Velayeti Annede Olan Çocuğun Babasının Hakları Hakkında Yargıtay Kararlarından Örnek Alıntılar

“Kişisel ilişki düzenlemesinde esas olan çocuğun üstün yararıdır. Çocukla ana-baba arasında düzenli kişisel ilişki kurulması ve bu ilişkinin sürdürülmesi çocuk için bir hak olduğu gibi, ana ve baba için de bir haktır. Kişisel ilişki tesisinden beklenen amaç çocukla ebeveynleri arasında aile bağlarını geliştirmek ve bu suretle çocuğun sağlıklı gelişimini sağlamaktadır. Bu sebeple, kişisel ilişki analık ve babalık duygusunu tatmin edecek nitelikte olmalıdır. Uygun kişisel ilişki süresi, ebeveyni tatmin edeceği gibi, çocuğun açıklanan kişisel gelişiminine de hizmet etmiş olacaktır. Davalı-karşı davacı baba ile velayeti anneye verilen ortak çocuk 2009 doğumlu … ile 2011 doğumlu Hira Nur arasında kurulan kişisel ilişki yetersiz olup, çocuklarla baba arasında sevgi ve güven duygularının gelişmesine engel olacak niteliktedir. Ortak çocuklar ile davalı-karşı davacı baba arasındaki bağların güçlendirilmesinde çocuğun üstün yararı vardır. Gerçekleşen bu durum karşısında mahkemece daha uygun süreli ve yatılı olacak şekilde kişisel ilişki kurulması gerekirken, yazılı şekilde kişisel ilişki kurulmuş olması bozmayı gerektirmiştir.” 2. Hukuk Dairesi         2015/26102 E.  ,  2017/4458 K.
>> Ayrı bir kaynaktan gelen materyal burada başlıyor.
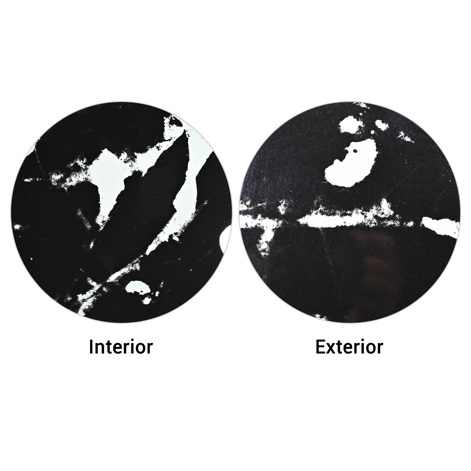 Round shape vessel sink, solid tempered glass construction Contemporary and sleek marbling pattern, fits perfectly with any bathroom decor Overall dimension (Dia. x H): 16-1/2″ x 5-3/4″; Drain hole dia.: 1-3/4″ Glossy glass interior, scratch resistant and easy to clean up Without overflow; Easy countertop installation
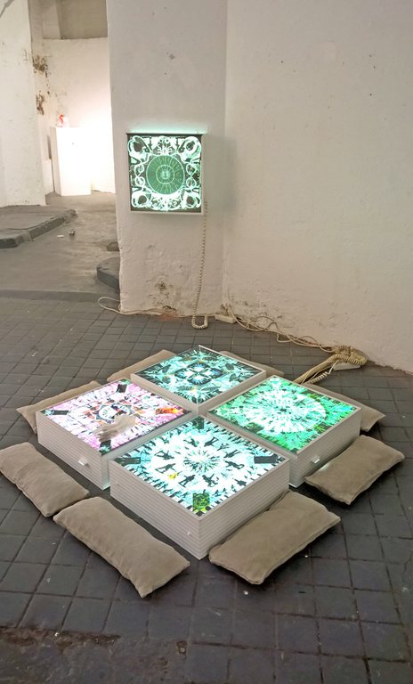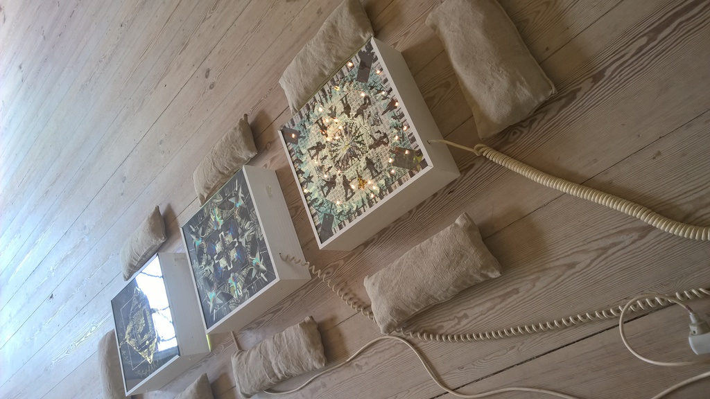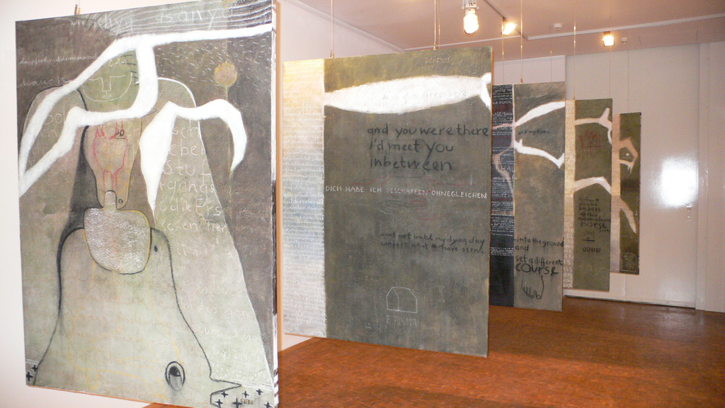 Nach drei Jahren Arbeit ist es uns gelungen eine Bilderschau, bestehend aus 125 mixed media Werken fertig zu stellen. In drei Serien beschreiben wir einen Raum, in dem beide Ebenen nebeneinander existieren - ineinanderfliessend, sich anziehend und abstoßend, sich gegenseiteig vernichtend oder bedingend. Die Arbeiten wurden an verschiedenen Orten des Rausches und der Mysterien ausgestellt, um sich an diesen Orten "aufzuladen".
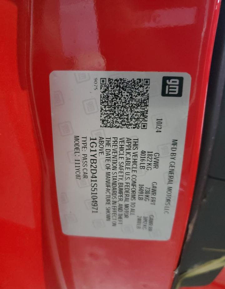 1G1YB2D41S5104971 Chevrolet Corvette Stingray 2025 Red – history, photos, price
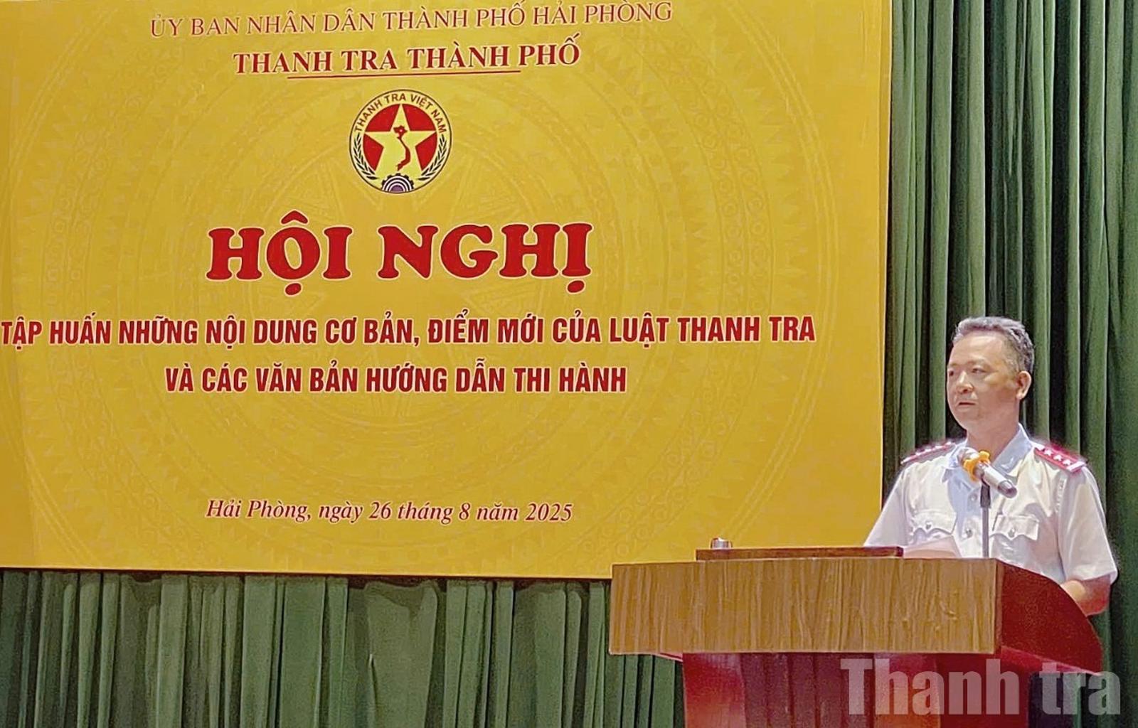 (Thanh tra) - Sáng 26/8, Thanh tra thành phố Hải Phòng tổ chức hội nghị “Tập huấn những nội dung cơ bản, điểm mới của Luật Thanh tra năm 2025 và các văn bản hướng dẫn thi hành”.
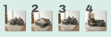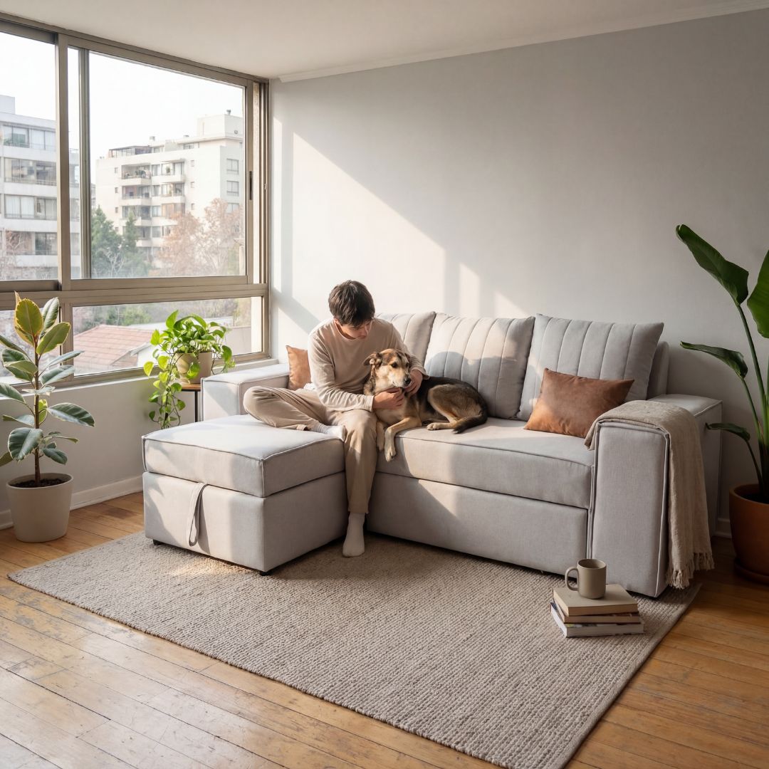 Aspire regularmente con baja succión para mantenerlo libre de polvo, limpie derrames de inmediato con un paño absorbente, deje que su sofá se seque naturalmente en un área bien ventilada.
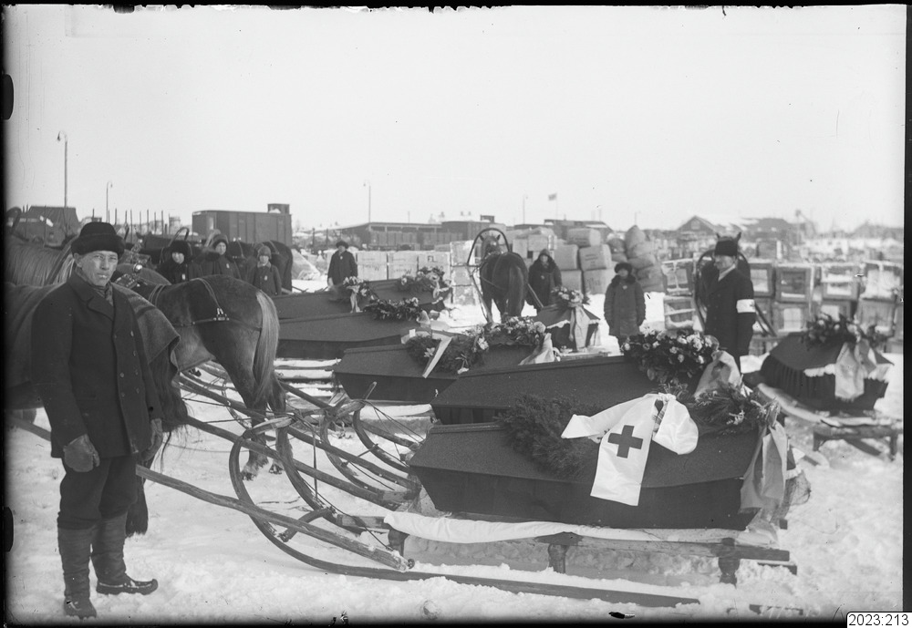 Begravning. Kistor liggande på slädar. Kistan närmast i bild har Röda Kors baneer. Hästarna är förspända meddels rankbågar. Transitogods i bakgrunden. År 1914-1918.
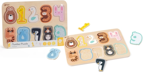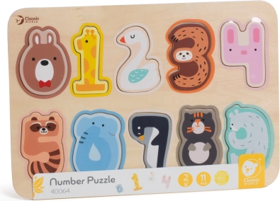 Drvena puzzle za učenje brojeva brenda Classic World idealan je izbor za djecu od dvije godine. Pomaže razvijati koordinaciju oka i ruke te uči djecu brojevima i oblicima životinja kroz zabavu i interakciju.
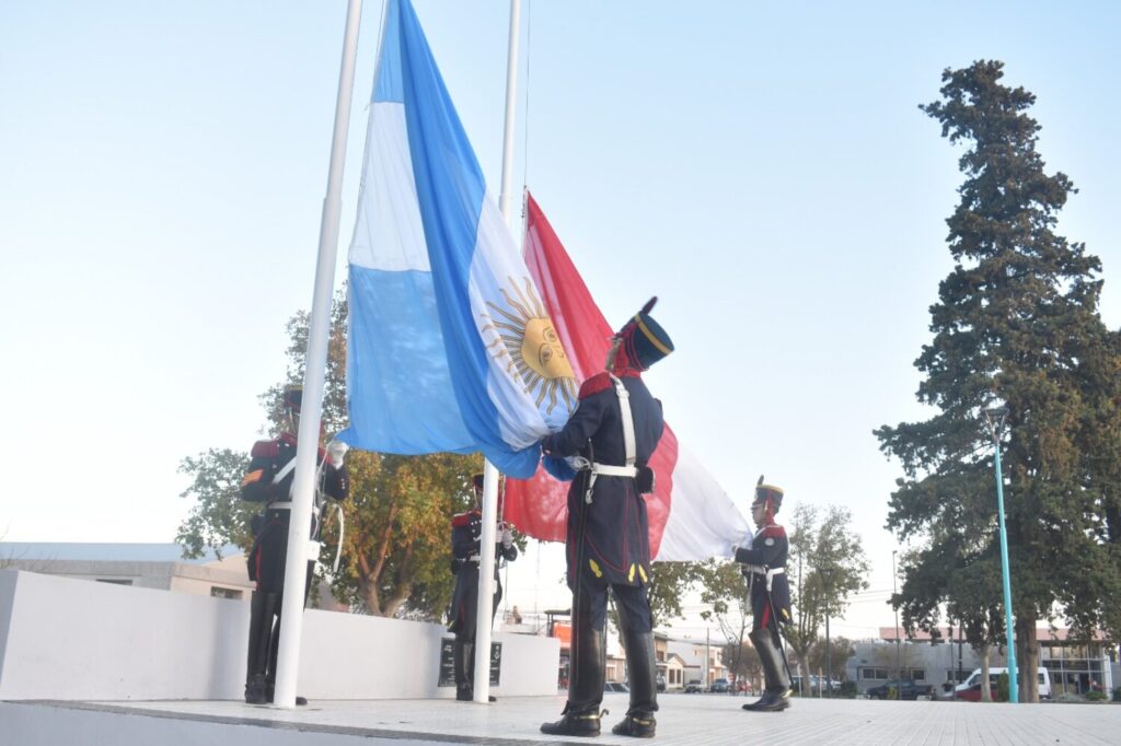 Esta tarde, una delegación del Regimiento Granaderos a Caballo General San Martín visitó Vicuña Mackenna y participó en el acto de arriar la Bandera Nacional en la Plaza Domingo Faustino Sarmiento.
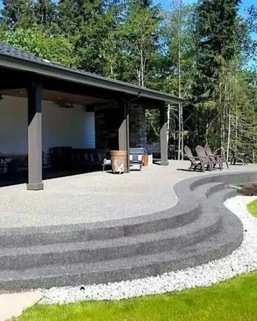Modern pattern concrete finishes can be used to define outdoor zones, making courtyards more visually appealing and suitable for relaxation or entertaining guests
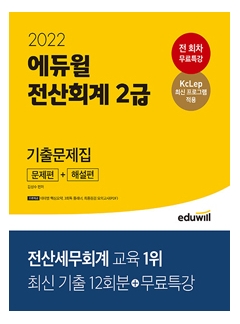 (2022 에듀윌 전산회계 2급 기출문제집)은 2022년 시험을 준비하는 수험생을 위해 문제와 해설, 백데이터를 2022년에 맞춰 수정하였다. 또한 현직 세무사의 전 회차 무료 해설특강과 각 문항과 연결되는 테마별 핵심요약(특별부록)을 제공하여 학습에 어려움이 없도록 하였다.

“Davalı-davacı (baba)’da tespit edilen psikotik bozukluğun, çocukla gözetim altında da olsa yatılı olarak kişisel ilişki kurulması halinde çocuk için tehlike arzedip etmediği konusunda yeterli araştırma yapılmamıştır. Mahkemece; davalı-davacı (baba) hakkında düzenlenen dosyadaki raporlar da eklenerek, psikiyatri uzmanı bulunan resmi sağlık kuruluşuna sevk edilip, babadaki mevcut psikotik bozukluğun, kişisel ilişki kurulması halinde çocuk açısından ciddi tehlike arz edip etmediği konusunda ayrıntılı rapor alınması ve dosyadaki diğer delillerle birlikte değerlendirilerek hasıl olacak sonucuna göre karar verilmesi gerekirken, eksik araştırma ve inceleme ile hüküm tesis edilmesi doğru görülmemiştir.” 2. Hukuk Dairesi         2012/3041 E.  ,  2013/5679 K.

“Ebeveynlerden her ikisinin de çocuk üzerindeki velayet hakkı sürmektedir. Her iki ebeveynin de çocukla kişisel ilişki kurma hakkı eşit derecede mevcuttur. Evlilik dışı çocuk doğuran annenin, çocuğun velayetinin kendisine verilmesi davasında olduğu gibi, bu davada da davacı babanın velayet hakkı kapsamında kişisel ilişki kurma hakkı bulunduğundan, kişisel ilişki kurulması davası hakkında “karar verilmesine yer olmadığına” karar verilmesi gerektiği gerekçesiyle, yerel mahkeme kararının bozulması gerektiği…” 2. Hukuk Dairesi         2016/1377 E.  ,  2016/2597 K.